◆ Task to carry out: Skip the pictures and give back the rest of the listing exactly.

◆ Given data:
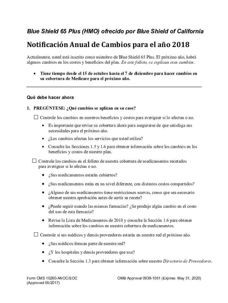Blue Shield 65 Plus (HMO) Freida POR Blue Shield of CaliforniaNotificacin Annual de Cambios para el AO 2018
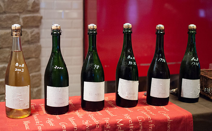 ▲特別なイベント用のダンジャン氏秘蔵のキュヴェ。写真の一番右のビンテージは1976年!
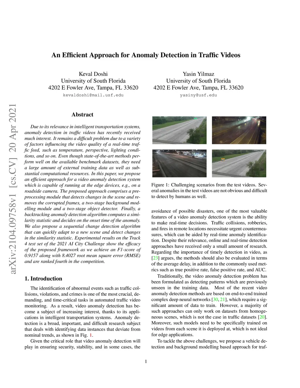 Due to its relevance in intelligent transportation systems, anomaly detection in traffic videos has recently received much interest. It remains a difficult problem due to a variety of factors influencing the video quality of a real-time traffic feed, such as temperature, perspective, lighting conditions, and so on. Even though state-of-the-art methods perform well on the available benchmark datasets, they need a large amount of external training data as well as substantial computational resources. In this paper, we propose an efficient approach for a video anomaly detection system which is capable of running at the edge devices, e.g., on a roadside camera. The proposed approach comprises a pre-processing module that detects changes in the scene and removes the corrupted frames, a two-stage background modelling module and a two-stage object detector. Finally, a backtracking anomaly detection algorithm computes a similarity statistic and decides on the onset time of the anomaly. We also propose a sequential change detection algorithm that can quickly adapt to a new scene and detect changes in the similarity statistic. Experimental results on the Track 4 test set of the 2021 AI City Challenge show the efficacy of the proposed framework as we achieve an F1-score of 0.9157 along with 8.4027 root mean square error (RMSE) and are ranked fourth in the competition.
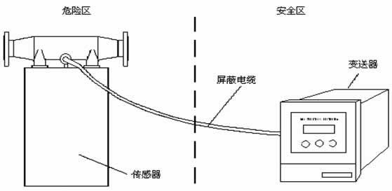 产品组成部分: 本产品由传感器(一次仪表)和变送器(二次仪表)两部分组成。 传感器是质量流量计的机械部分,内部装有激振器、位移传感器和温度传感器。 变送器是仪表的显示部分,也是仪表的电气部分。它内部装有电源、模拟电路、数字电路、显示器和输出等,基本功能是:接收并处理传感器的电信号,经过处理直接得到质量流量、体积流量、温度和密度等,可以显示、输出、储存和远程传输;修改流量计参数。变送器内部都装有安全栅,起防爆隔离保护作用。 复合型流量计的传感器是本质安全型,变送器是隔爆型,传感器和变送器都可以在爆炸性气体环境下工作,可以放在危险区。 本安型流量计的传感器为本质安全型,可以在爆炸性气体环境下使用,变送器只能在安全环境下工作。

◆ Answer to this task:
Blue Shield 65 Plus (HMO) Freida POR Blue Shield of CaliforniaNotificacin Annual de Cambios para el AO 2018
 ▲特別なイベント用のダンジャン氏秘蔵のキュヴェ。写真の一番右のビンテージは1976年!
 Due to its relevance in intelligent transportation systems, anomaly detection in traffic videos has recently received much interest. It remains a difficult problem due to a variety of factors influencing the video quality of a real-time traffic feed, such as temperature, perspective, lighting conditions, and so on. Even though state-of-the-art methods perform well on the available benchmark datasets, they need a large amount of external training data as well as substantial computational resources. In this paper, we propose an efficient approach for a video anomaly detection system which is capable of running at the edge devices, e.g., on a roadside camera. The proposed approach comprises a pre-processing module that detects changes in the scene and removes the corrupted frames, a two-stage background modelling module and a two-stage object detector. Finally, a backtracking anomaly detection algorithm computes a similarity statistic and decides on the onset time of the anomaly. We also propose a sequential change detection algorithm that can quickly adapt to a new scene and detect changes in the similarity statistic. Experimental results on the Track 4 test set of the 2021 AI City Challenge show the efficacy of the proposed framework as we achieve an F1-score of 0.9157 along with 8.4027 root mean square error (RMSE) and are ranked fourth in the competition.
 产品组成部分: 本产品由传感器(一次仪表)和变送器(二次仪表)两部分组成。 传感器是质量流量计的机械部分,内部装有激振器、位移传感器和温度传感器。 变送器是仪表的显示部分,也是仪表的电气部分。它内部装有电源、模拟电路、数字电路、显示器和输出等,基本功能是:接收并处理传感器的电信号,经过处理直接得到质量流量、体积流量、温度和密度等,可以显示、输出、储存和远程传输;修改流量计参数。变送器内部都装有安全栅,起防爆隔离保护作用。 复合型流量计的传感器是本质安全型,变送器是隔爆型,传感器和变送器都可以在爆炸性气体环境下工作,可以放在危险区。 本安型流量计的传感器为本质安全型,可以在爆炸性气体环境下使用,变送器只能在安全环境下工作。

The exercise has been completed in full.